Hydrodynamic Cavitation of Waste-Activated Sludge


TOPAÇ ŞAĞBAN F. O. , DİNDAR E., Cirakoglu C., KESKİNLER B.

ENVIRONMENTAL ENGINEERING SCIENCE, vol.35, no.8, pp.775-784, 2018 (Peer-Reviewed Journal) identifier identifier identifier

  • Publication Type: Article / Article
  • Volume: 35 Issue: 8
  • Publication Date: 2018
  • Doi Number: 10.1089/ees.2016.0408
  • Journal Name: ENVIRONMENTAL ENGINEERING SCIENCE
  • Journal Indexes: Science Citation Index Expanded, Scopus
  • Page Numbers: pp.775-784
  • Keywords: cavitation number, hydrodynamic cavitation, orifice, sludge disintegration, waste-activated sludge, ADVANCED OXIDATION PROCESS, ANAEROBIC-DIGESTION, WATER TREATMENT, ULTRASONIC PRETREATMENT, COMBINED ALKALINE, DEGRADATION, DISINTEGRATION, SOLUBILIZATION, OPTIMIZATION, CARBAMAZEPINE

Abstract

Hydrodynamic cavitation systems have shown considerable promise for wastewater treatment.
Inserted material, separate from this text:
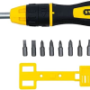 | Product code (length x width) | 0-63-022 25 pcs Pistol Grip Ratchet SD 6 Large Bits: Flat: 5,6,7mm – Philips: Ph1,2,3, 24 Standard bits: Philips: #0, #1, #2 (X3), #3 – Flat: 5,6,7mm – Hex Tips: 2,3,4,5,5.5,6mm – S1, S2, S3 – Torx: T10, T15, T20, T25, T27, T30; 6 Sockets: 5,6,8,9,10,11mm |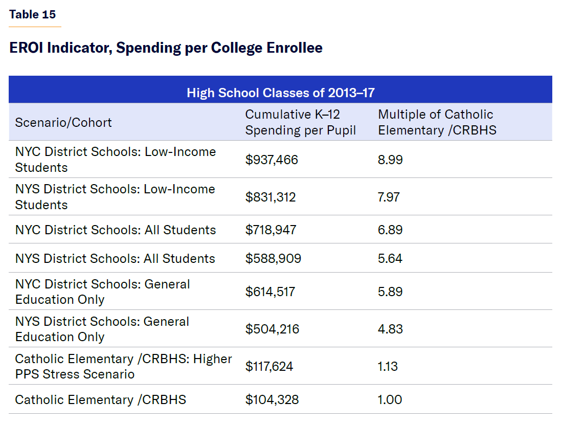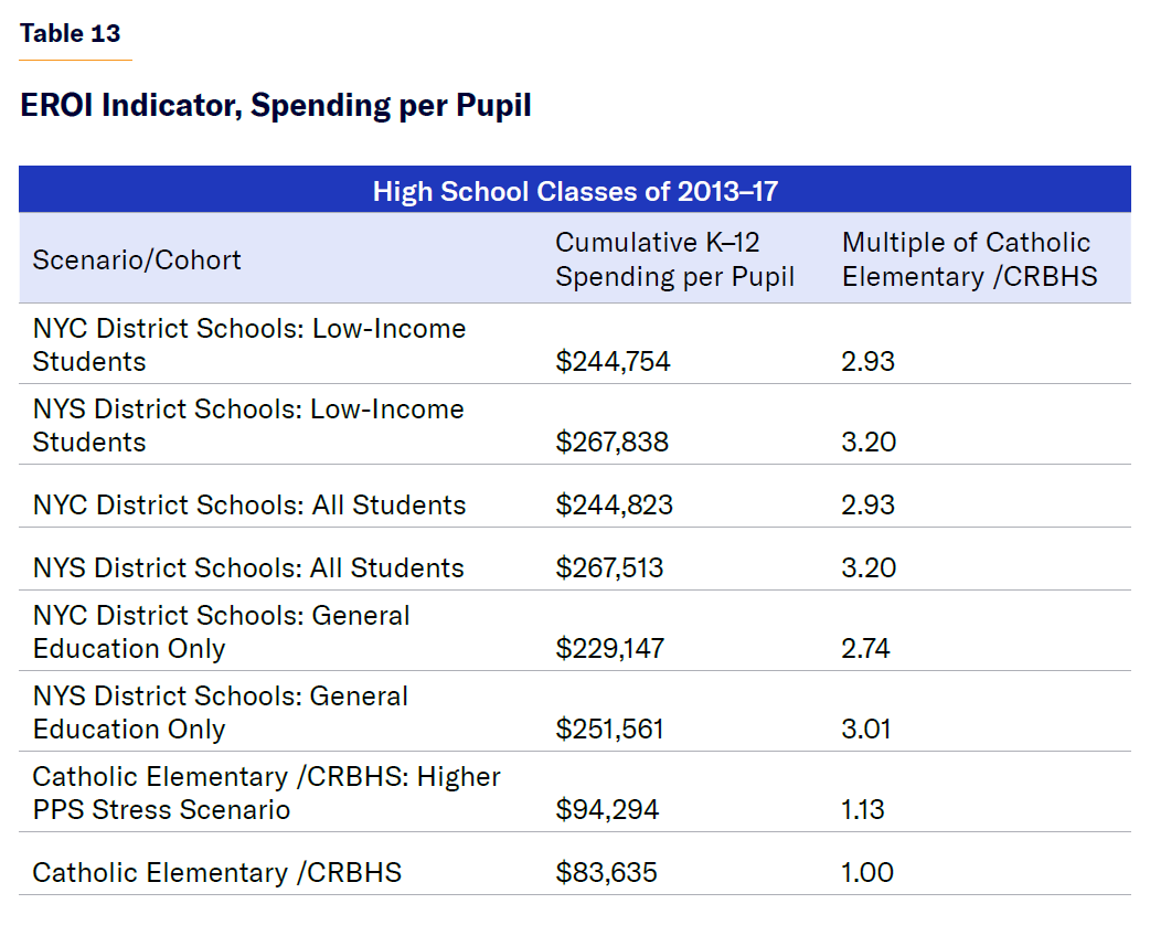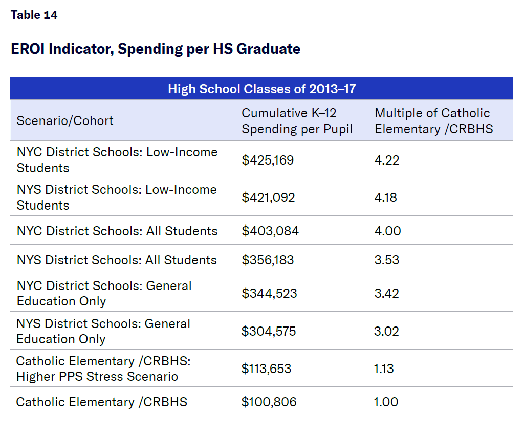In terms of cumulative K–12 PPS alone—without incorporating academic performance—the cost of educating the high school graduating classes of 2013–17 in NYC and NYS district public schools was 2.9–3.2 times higher than the cost of doing so in the combined Catholic elementary school /CRBHS alternative (Figure 13). In terms of cost per high school graduate, NYC and NYS schools spent 4.2 times more than the Catholic school /CRBHS system.[31]

These systems are also used as a sludge pretreatment device to increase treatment efficiency of anaerobic sludge digestion systems. Although there are some literature related to disintegration of waste-activated sludge by hydrodynamic cavitation, effects of some operational variables in an orifice-based system, such as cavitation number and orifice diameter on sludge solubilization efficiency, are missing. In this study, waste-activated sludge that originated from a food processing facility was disintegrated mechanically on a laboratory scale using an orifice-based hydrodynamic cavitator. Use of NaOH, Ca(OH)(2), and H2O2 together with hydrodynamic cavitation was also evaluated. Results showed that after 150min of cavitation, disintegration degrees of 32% to 60% were obtained. Based on results, optimum cavitation number and orifice diameter selected for disintegration of waste-activated sludge were 0.2 and 3mm, respectively. Enhanced solubilization was achieved in the case of hydrodynamic cavitation combined with chemical addition. The best results for the disintegration of solids and organic carbon release in terms of soluble chemical oxygen demand (SCOD) were obtained for the combined system of H2O2 addition with a dose of 20mg/L and hydrodynamic cavitation. According to biochemical methane potential test (BMP) results, 20% to 89% higher biogas production was observed in disintegrated sludges comparing to raw sludge.